Symmetries of the Electromagnetic Turbulence in a Tokamak Edge

TL;DR

This paper develops a simplified model for electromagnetic turbulence in a Tokamak edge, revealing a dominant Fourier mode and the stability of two-dimensional turbulence despite magnetic fluctuations.

Contribution

It introduces a reduced single-equation model capturing key turbulence features, including symmetry properties and the behavior of non-axisymmetric modes.

Findings

Existence of a specific Fourier branch in turbulence dynamics

Two distinct physical regimes identified for non-axisymmetric fluctuations

Reduced model effectively describes turbulence with magnetic fluctuations

Abstract

We construct the low-frequency formulation of the turbulence characterizing the plasma in a Tokamak edge. Under rather natural assumptions we demonstrate that, even in the presence of poloidal magnetic fluctuations, it is possible to deal with a reduced model for the turbulence dynamics. This model relies on a single equation for the electric potential, from which all the physical turbulent properties can be calculated.
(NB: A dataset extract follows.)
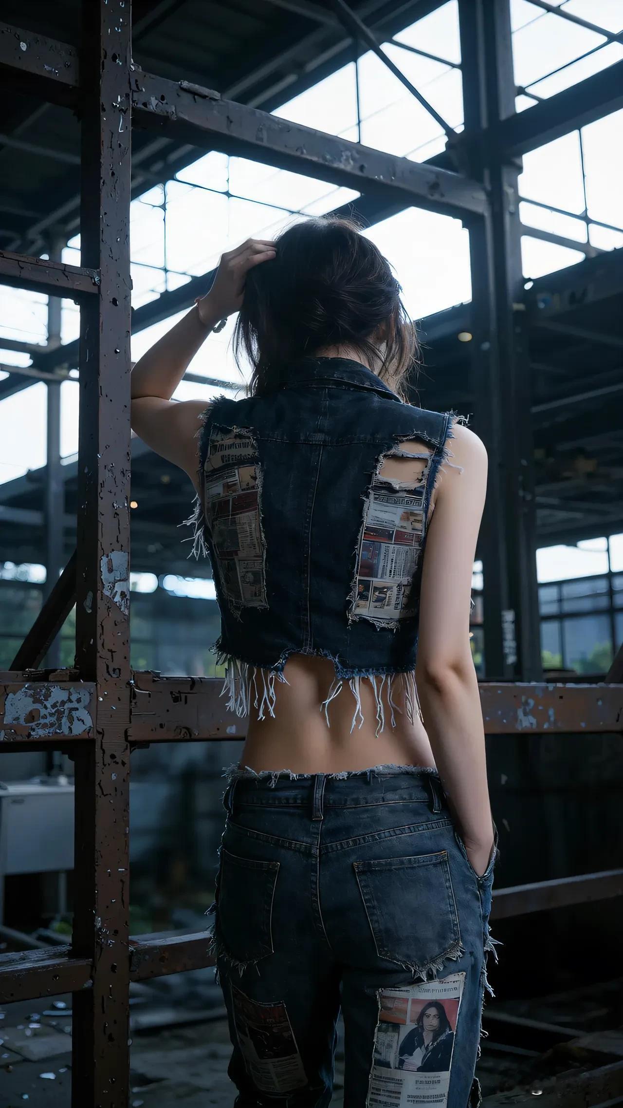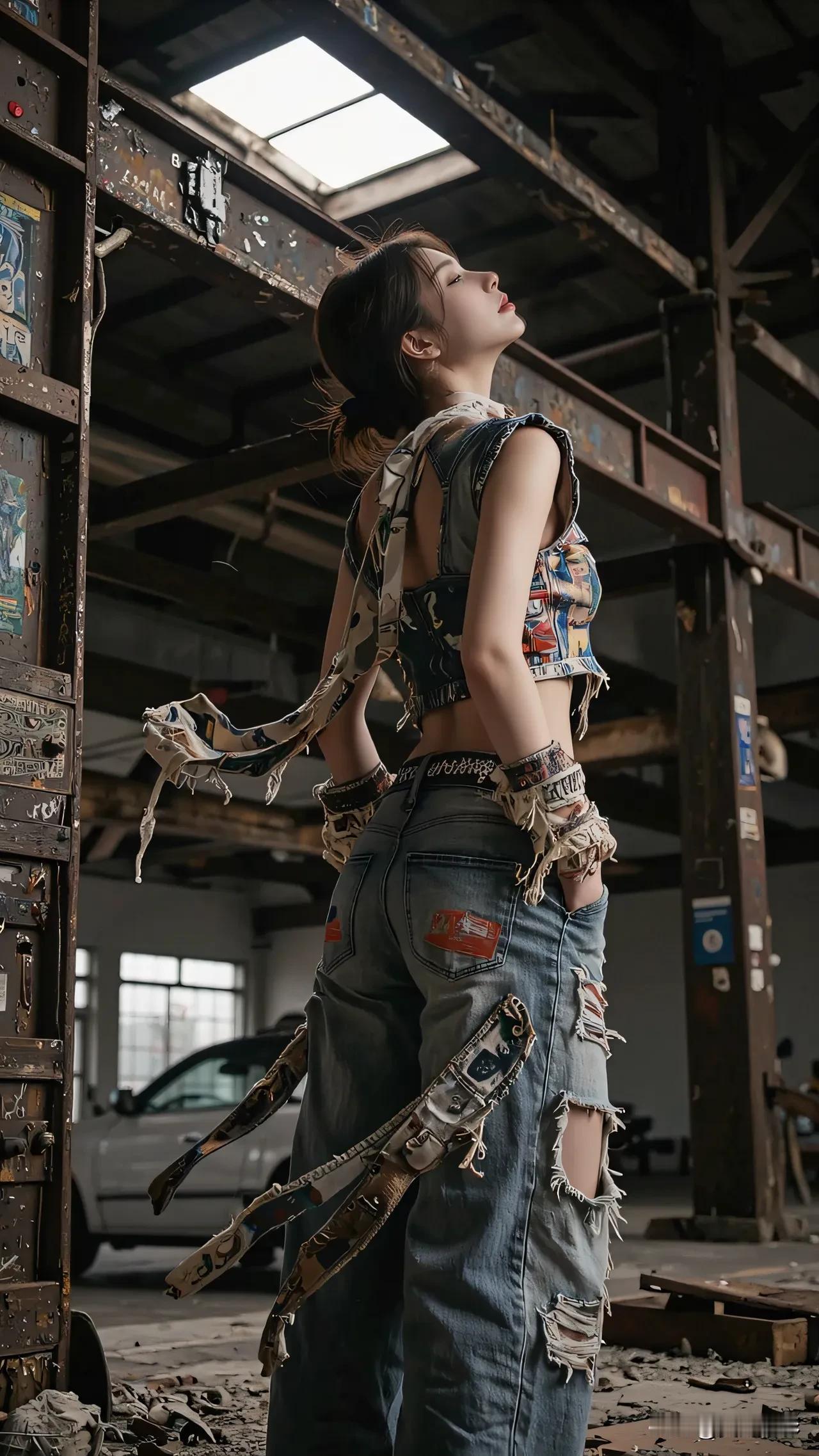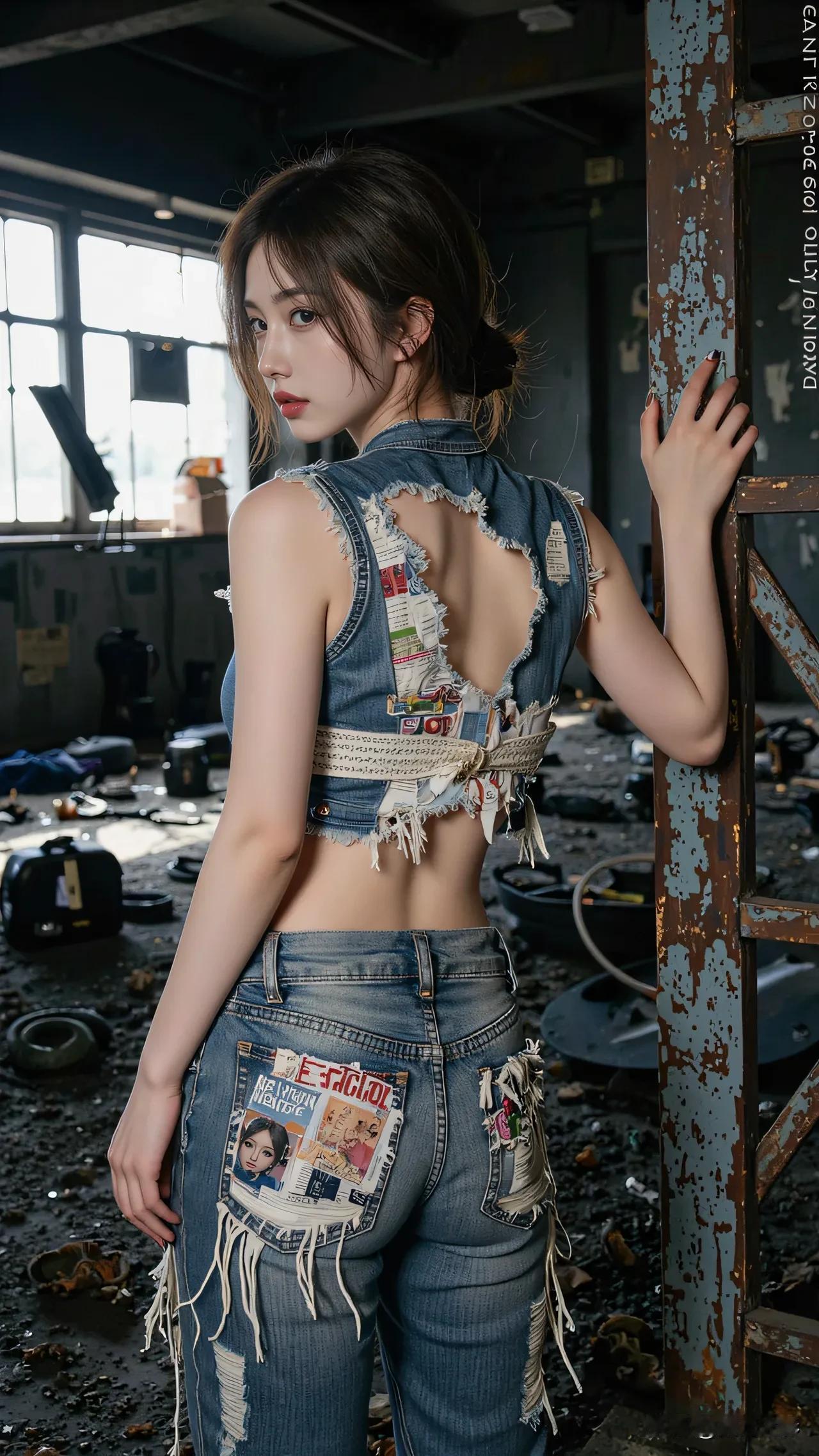 光之影&AI 工业风少女,复古牛仔与现代涂鸦的完美碰撞! 酷感牛仔女孩 时尚牛仔少女

The main result of the present analysis concerns the existence of a specific Fourier branch for the dynamics which demonstrate the attractive character of the two-dimensional turbulence with respect to non-axisymmetric fluctuations. The peculiar nature of this instability, affecting the non-axially symmetric modes, is discussed in some detail, by recovering two different physical regimes.